In 1630-1631, there was a great famine in India. Records indicate that cannibalism became so rampant that human flesh was sold on the open market.
*	In 1770, India experienced the first Bengal famine of 1770.
*	In 1943, India experienced the second Bengal famine of 1943.
*	In 1966, there was a 'near miss' in Bihar

And not much record keeping before that. It simply doesnt mean famine didnt exist before that


----------



## touchring (Mar 25, 2005)

harkerb said:


> Personally I think that ChinaUSA got pissed of by the Siopao's thread- "Is Hong Kong developed because of Britain?" He just wants to stir up emotions. Give it a rest ChinaUSA. You don't know what are talking about!


You dun understand what ChinaUSA is trying to say - the British are there to exploit - this includes exploiting India and HK, so HK is successful today not because of the British, but by virtue of it's people.

So ChinaUSA brought up India, as India has the same common law legal system, uses the same accounting method, and people speak English as well, but yet is backward as compared to other former British colonies.

To be able to understand his point of view, you have to first understand why the British are in HK in the first place. They are not there to enrich the local population, so whatever achievement HK has is the result of it's people, and the people from Shanghai.


----------



## Bombay Boy (May 6, 2005)

would there be an india if the british had not come? would have been more like europe, lots of small countries, some independent, some monarchys, some dictatorships. some still fighting

besides the english language the single biggest benefit was to unite it by giving the people a significantly different 'other'. both uninetended, but benefits nonetheless

besides wgaf? nothings going to change the past, india is responsible for its state of the last 60 years and its present and future. lets worry about that

and oh yes another great benefit from the british. bombay!


----------



## nick_taylor (Mar 7, 2003)

I never quite understood the re-naming policy, although good possibly for national identity it can't have been good for international recognition - confusing most who do not understand India. Although I refer to them in their 'new' form, every common person would most likely know of the Indian cities by their 'other' names. Also the Victoria Terminus should never have been renamed - for global acknowledgement that was a step backwards for a very fine peice of architecture.
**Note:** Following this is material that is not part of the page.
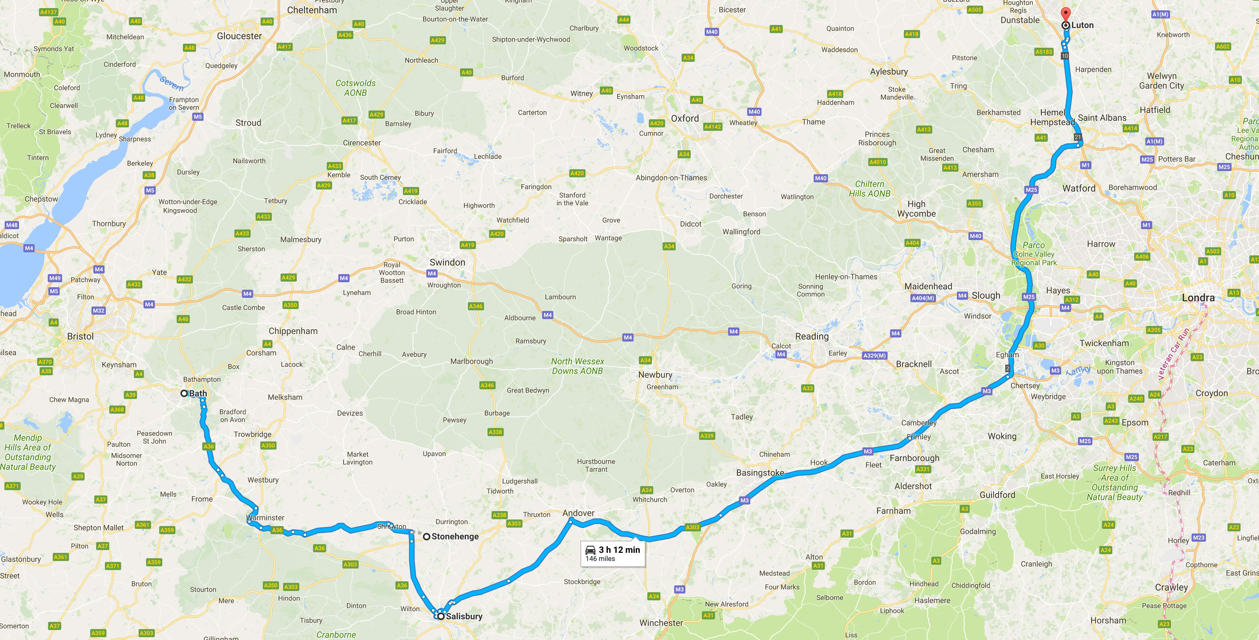 Lasciamo Bath per andare verso Londra, ma la prendiamo larga.

Bombay Boy - Do you know the exact history of Bombay/Mumbai, ie its origins, foundation by whom, etc...


----------



## kshatriya (Jun 14, 2004)

Fusionist said:


> I think we might have to go in circles then
> 
> I never said colonialism was to help India. All I said was it is pointless to blame Indias problems on colonial rule.
> 
> ...


I am not going by the syllabus. I just pointed out the British famine in response to pricemazda's post, look at the context. And no, the Mughal era is hardly portrayed in a rosy picture even in text books, at least not in Maharashtra, ever heard of Shivaji?

Some quick googling (not even a minte) and I found in the 13th century Indians were the first to smelt zinc, and in the 14th century indian astronomers had calculated the speed of light and the age of the universe. There are huge pages describing ancient Indian science.

Social evils were not restricted to India, those times were such. The British did *nothing* to reform society, they did eventually ban some practices, but it hardly did anything to change it, society stagnated. So they sorta kept them alive and over the long years these rituals and beliefs gained even more ground and hardened in people's minds, making it _worse_.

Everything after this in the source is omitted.